**Requirement**
Copy the lines below exactly. No picture goes into the copy.

**Given information**
——————————

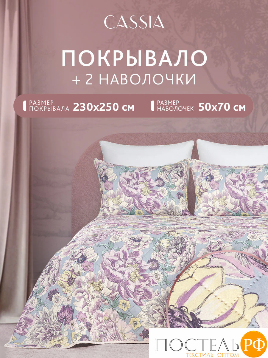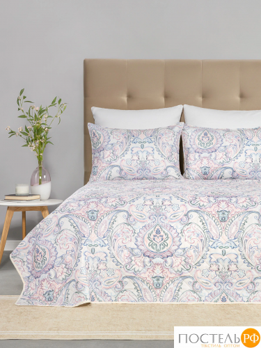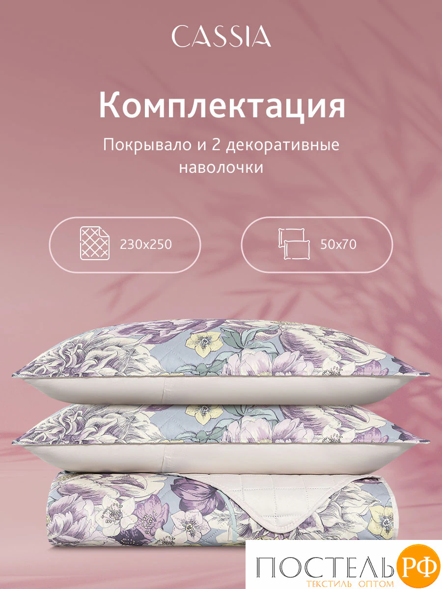 Комплект «Соланж»: покрывало (230*250 см) и 2 декоративные наволочки (50*70 см). Ткань лицевая: 100% микрофибра 75 г/м2, диджитал-принт. Наполнитель: полиэфирное волокно 15 г/м2, ткань оборотная — 100% микрофибра однотонная.
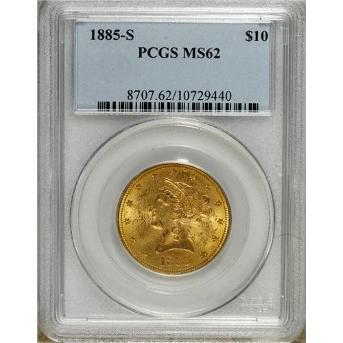 1885-S $10 MS62 PCGS. A sharply struck and fully lustr
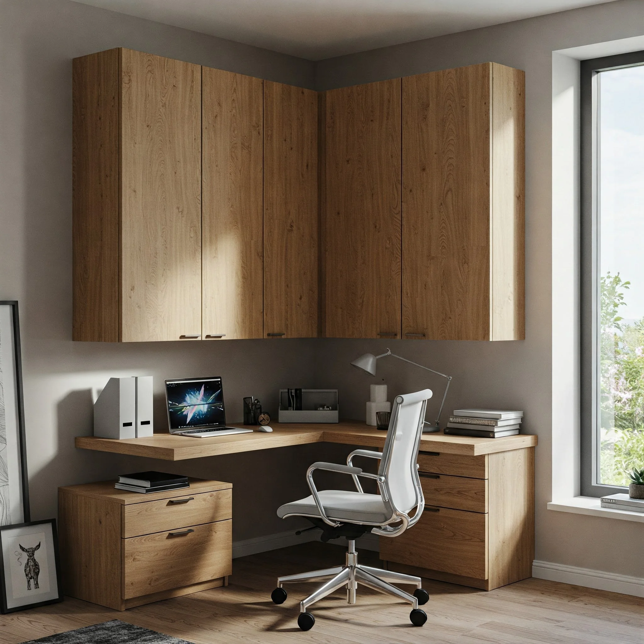 Home offices often start as an afterthought—maybe you squeezed a desk against a lonely wall or repurposed a corner of your dining area. Why not make that workspace shine with a built-in office corner cabinet? Imagine tiered shelves for files, cubbies for stationery, and even a pull-out section for your printer—all neatly tucked into what was once an underutilized angle. This approach allows you to keep your workspace organized, from color-coded folders to inspirational knick-knacks, without overshadowing the rest of the room. It’s like giving your workflow a comfortable, efficient nest. With the right design, you can incorporate a sleek floating desk or even foldable options that vanish when not in use. Whether you’re a full-time remote worker or just need a quiet spot to pay bills, corner office cabinets streamline tasks and save valuable floor space.

——————————

**Your response**
 Комплект «Соланж»: покрывало (230*250 см) и 2 декоративные наволочки (50*70 см). Ткань лицевая: 100% микрофибра 75 г/м2, диджитал-принт. Наполнитель: полиэфирное волокно 15 г/м2, ткань оборотная — 100% микрофибра однотонная.
 1885-S $10 MS62 PCGS. A sharply struck and fully lustr
 Home offices often start as an afterthought—maybe you squeezed a desk against a lonely wall or repurposed a corner of your dining area. Why not make that workspace shine with a built-in office corner cabinet? Imagine tiered shelves for files, cubbies for stationery, and even a pull-out section for your printer—all neatly tucked into what was once an underutilized angle. This approach allows you to keep your workspace organized, from color-coded folders to inspirational knick-knacks, without overshadowing the rest of the room. It’s like giving your workflow a comfortable, efficient nest. With the right design, you can incorporate a sleek floating desk or even foldable options that vanish when not in use. Whether you’re a full-time remote worker or just need a quiet spot to pay bills, corner office cabinets streamline tasks and save valuable floor space.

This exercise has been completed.